# Acople de impedancias entre dos interfases RS232



## Arkantos (Sep 20, 2006)

Hola amigos tengo el siguiente problema:
Estoy trabajando con comunicacion serial entre un pic, el puerto serial del PC y el puerto serial de una fuente digital la idea final es controlar la fuente desde el pic. ya he diseñado un programa para dicho fin el cual he simulado desde la hyperterminal y el pic, y desde la hyperterminal y la fuente, pero a la hora de conectar el pic y la fuente no he logrado realizar una comunicacion, creo que es algo relacionado con las impedancias de los puertos del pic y la fuente. Alguien sabria como realizar un buen acople de impedancias (si esta es la solucion) o algun truquito para solucionar este problema?

Gracias de antemano a todos los que me puedan colaborar


----------



## maunix (Sep 20, 2006)

Arkantos dijo:
			
		

> Hola amigos tengo el siguiente problema:
> Estoy trabajando con comunicacion serial entre un pic, el puerto serial del PC y el puerto serial de una fuente digital la idea final es controlar la fuente desde el pic. ya he diseñado un programa para dicho fin el cual he simulado desde la hyperterminal y el pic, y desde la hyperterminal y la fuente, pero a la hora de conectar el pic y la fuente no he logrado realizar una comunicacion, creo que es algo relacionado con las impedancias de los puertos del pic y la fuente.
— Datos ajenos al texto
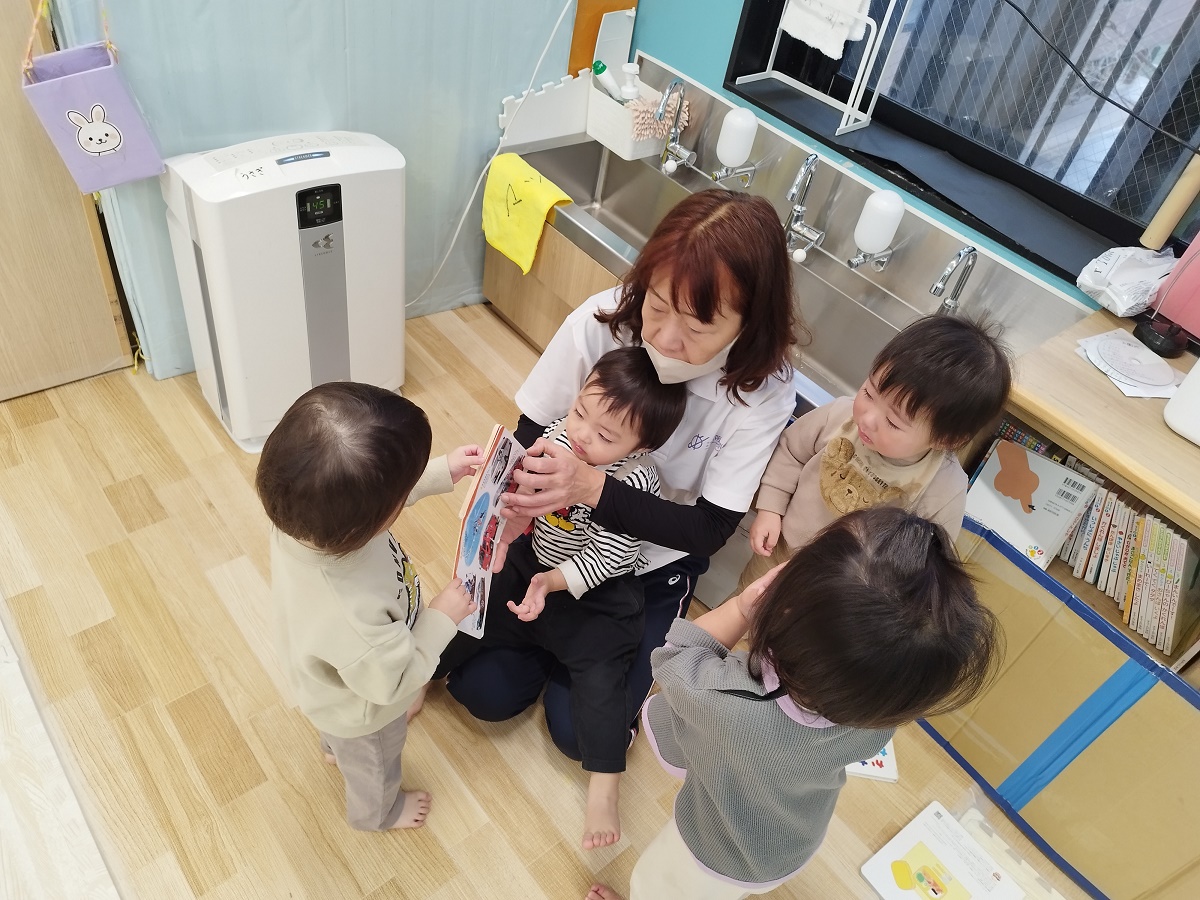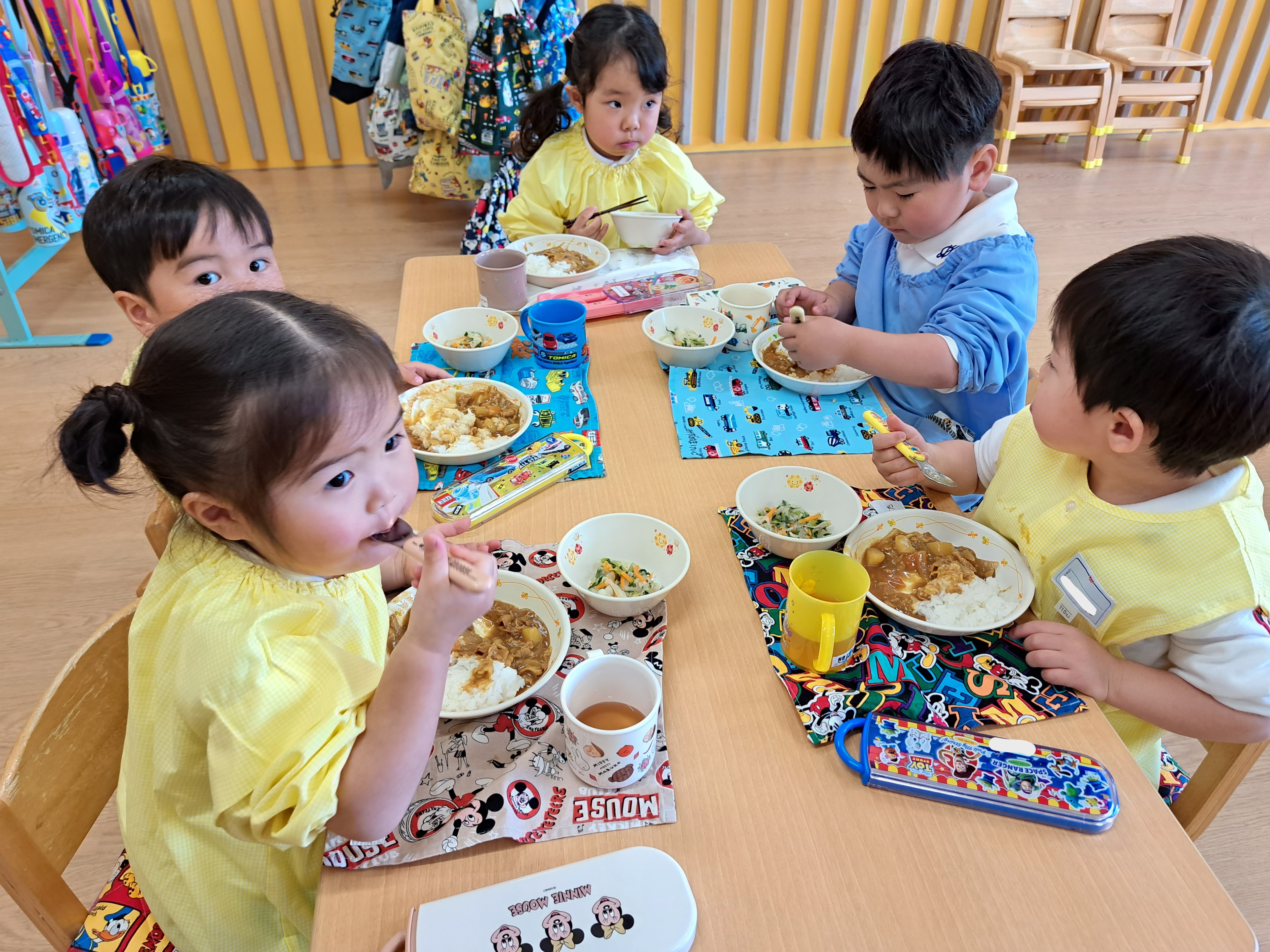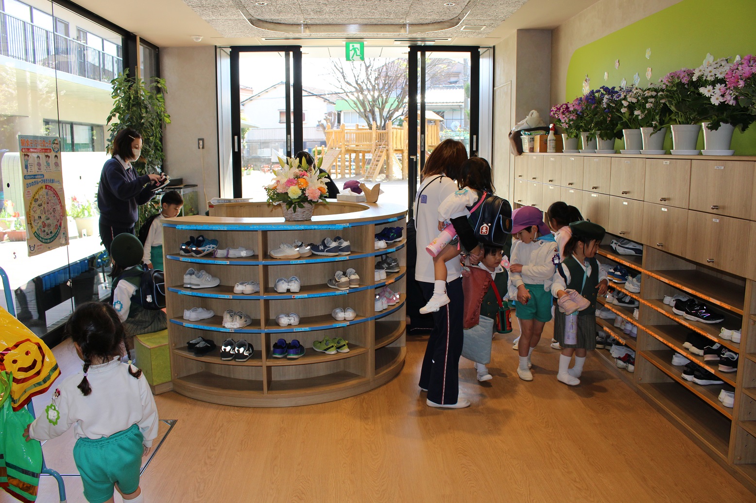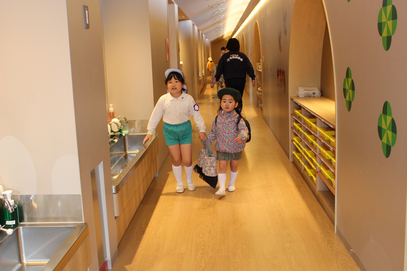 年少児が登園するときには、門からお部屋まで一緒に行ってくれたり、一緒にかばんやタオルを置いてくれたりなど、おたすけマンがたくさんいてくれています。

Alguien sabria como realizar un buen acople de impedancias (si esta es la solucion) o algun truquito para solucionar este problema?
> 
> Gracias de antemano a todos los que me puedan colaborar



¿La fuente tiene interfaz RS232? o es a niveles TTL?

No hay que adaptar nada, si algo no te funciona es probable que tengas mal alguna señalización o bien que tu fuente esté esperando que le envies el DTR o RTS.

Fíjate lo siguiente

Intenta en el hyperterminal conectarte a la fuente pero poniendo "control de flujo por software".  Si así no se comunica, bueno, es eso.  Necesitas generarle las señales que te acabo de mencionar, una de ellas, o ambas.


Saludos


----------



## eidtech (Sep 20, 2006)

Checa que estes conectando TX con RX y RX con TX.
Tambien podrias usar un sniffer para ver que es lo que esta pasando, te recomiendo el DockLight


----------



## Arkantos (Sep 21, 2006)

Hola gracias por su colaboracion.. 
Maunix: Gracias....tengo la siguiente situcacion: La fuente tiene una interfaz RS232. Como dije ya la he conectado directamente al hyperterminal y desde ahy funciona sin problemas (solo necesito la linea TX y RX y GND) sin control de flujo y asi funciona bien. El problema es cuando trato de conectar el PIC a la fuente usando esta misma configuracion la fuente no responde a los comandos enviados desde el pic.. se ke el programa del PIC esta corriendo bien p´q lo he simulado con el hyperterminal y todo va bien pero no se p´q no funciona con la fuente( estoy usando un MAX232 con su configuracion tipica y he probado con condensadores de 0.1 y 1 uF.
Eidtech: Si ya revise eso y nada.. Gracias


----------